### Task objective
Every line from the beginning of the records below up to the one holding "Теперь поднимитесь по" should be quoted exactly; leave out the rest.

[Data extracted from a collection]
▬▬▬▬▬▬▬▬▬▬

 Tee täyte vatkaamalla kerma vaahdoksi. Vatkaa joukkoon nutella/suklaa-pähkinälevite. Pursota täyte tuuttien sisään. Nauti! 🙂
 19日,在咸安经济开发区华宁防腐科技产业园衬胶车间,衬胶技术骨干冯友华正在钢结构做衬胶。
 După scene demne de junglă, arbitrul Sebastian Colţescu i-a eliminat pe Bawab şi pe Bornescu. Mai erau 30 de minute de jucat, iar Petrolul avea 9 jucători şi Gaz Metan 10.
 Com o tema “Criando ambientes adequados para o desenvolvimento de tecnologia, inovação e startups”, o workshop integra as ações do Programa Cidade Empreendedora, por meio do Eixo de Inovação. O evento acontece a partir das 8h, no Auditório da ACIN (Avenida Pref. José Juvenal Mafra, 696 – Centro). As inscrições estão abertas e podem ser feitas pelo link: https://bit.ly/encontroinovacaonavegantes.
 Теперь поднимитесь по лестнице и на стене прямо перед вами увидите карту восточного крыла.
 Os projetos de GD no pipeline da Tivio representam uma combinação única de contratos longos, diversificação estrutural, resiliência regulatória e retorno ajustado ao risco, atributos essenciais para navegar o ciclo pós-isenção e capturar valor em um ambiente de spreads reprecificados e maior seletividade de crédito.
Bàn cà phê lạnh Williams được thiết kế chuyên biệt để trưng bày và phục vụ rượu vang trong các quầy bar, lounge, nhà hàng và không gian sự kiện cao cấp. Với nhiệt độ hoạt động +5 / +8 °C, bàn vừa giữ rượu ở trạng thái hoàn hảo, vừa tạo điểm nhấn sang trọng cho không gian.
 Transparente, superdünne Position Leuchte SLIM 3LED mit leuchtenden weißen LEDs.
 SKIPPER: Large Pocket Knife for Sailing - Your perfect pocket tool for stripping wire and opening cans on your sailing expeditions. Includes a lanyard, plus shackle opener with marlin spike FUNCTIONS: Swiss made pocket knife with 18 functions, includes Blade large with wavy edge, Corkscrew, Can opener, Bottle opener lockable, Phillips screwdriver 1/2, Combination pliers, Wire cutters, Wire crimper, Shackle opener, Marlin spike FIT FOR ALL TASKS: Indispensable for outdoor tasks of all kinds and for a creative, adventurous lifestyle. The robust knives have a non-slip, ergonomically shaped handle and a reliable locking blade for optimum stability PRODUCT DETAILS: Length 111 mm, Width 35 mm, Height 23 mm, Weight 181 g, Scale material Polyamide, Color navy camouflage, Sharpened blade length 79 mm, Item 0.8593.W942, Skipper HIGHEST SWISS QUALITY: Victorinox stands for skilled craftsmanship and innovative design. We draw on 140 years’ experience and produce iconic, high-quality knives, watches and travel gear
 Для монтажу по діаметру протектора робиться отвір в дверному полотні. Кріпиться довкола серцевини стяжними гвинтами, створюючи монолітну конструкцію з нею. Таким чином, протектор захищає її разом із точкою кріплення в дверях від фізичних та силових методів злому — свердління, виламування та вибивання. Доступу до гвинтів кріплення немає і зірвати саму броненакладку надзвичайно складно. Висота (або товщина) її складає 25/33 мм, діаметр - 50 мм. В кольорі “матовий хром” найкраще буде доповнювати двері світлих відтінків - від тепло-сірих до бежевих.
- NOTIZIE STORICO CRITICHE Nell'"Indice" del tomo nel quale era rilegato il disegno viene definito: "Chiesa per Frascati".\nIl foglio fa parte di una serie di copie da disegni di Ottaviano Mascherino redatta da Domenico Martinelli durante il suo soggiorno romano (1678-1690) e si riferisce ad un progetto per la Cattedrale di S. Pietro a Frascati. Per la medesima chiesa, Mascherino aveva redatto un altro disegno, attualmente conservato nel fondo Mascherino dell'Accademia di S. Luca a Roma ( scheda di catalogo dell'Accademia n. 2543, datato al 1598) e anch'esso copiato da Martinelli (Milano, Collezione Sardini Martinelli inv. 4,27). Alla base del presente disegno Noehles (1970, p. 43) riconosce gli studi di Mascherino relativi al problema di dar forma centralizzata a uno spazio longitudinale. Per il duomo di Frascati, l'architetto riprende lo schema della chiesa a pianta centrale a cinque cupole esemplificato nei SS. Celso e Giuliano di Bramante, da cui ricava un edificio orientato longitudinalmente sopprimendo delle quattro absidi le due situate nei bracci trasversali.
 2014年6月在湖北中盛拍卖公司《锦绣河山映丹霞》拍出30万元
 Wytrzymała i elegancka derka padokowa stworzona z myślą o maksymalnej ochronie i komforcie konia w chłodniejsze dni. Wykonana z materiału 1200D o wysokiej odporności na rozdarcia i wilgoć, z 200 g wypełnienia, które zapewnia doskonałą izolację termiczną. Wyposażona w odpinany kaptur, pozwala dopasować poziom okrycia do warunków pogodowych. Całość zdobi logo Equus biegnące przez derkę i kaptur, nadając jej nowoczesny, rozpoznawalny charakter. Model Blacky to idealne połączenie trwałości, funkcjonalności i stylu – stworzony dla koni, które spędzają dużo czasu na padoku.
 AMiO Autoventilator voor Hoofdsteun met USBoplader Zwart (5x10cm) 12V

▬▬▬▬▬▬▬▬▬▬

### Result
 Tee täyte vatkaamalla kerma vaahdoksi. Vatkaa joukkoon nutella/suklaa-pähkinälevite. Pursota täyte tuuttien sisään. Nauti! 🙂
 19日,在咸安经济开发区华宁防腐科技产业园衬胶车间,衬胶技术骨干冯友华正在钢结构做衬胶。
 După scene demne de junglă, arbitrul Sebastian Colţescu i-a eliminat pe Bawab şi pe Bornescu. Mai erau 30 de minute de jucat, iar Petrolul avea 9 jucători şi Gaz Metan 10.
 Com o tema “Criando ambientes adequados para o desenvolvimento de tecnologia, inovação e startups”, o workshop integra as ações do Programa Cidade Empreendedora, por meio do Eixo de Inovação. O evento acontece a partir das 8h, no Auditório da ACIN (Avenida Pref. José Juvenal Mafra, 696 – Centro). As inscrições estão abertas e podem ser feitas pelo link: https://bit.ly/encontroinovacaonavegantes.
 Теперь поднимитесь по лестнице и на стене прямо перед вами увидите карту восточного крыла.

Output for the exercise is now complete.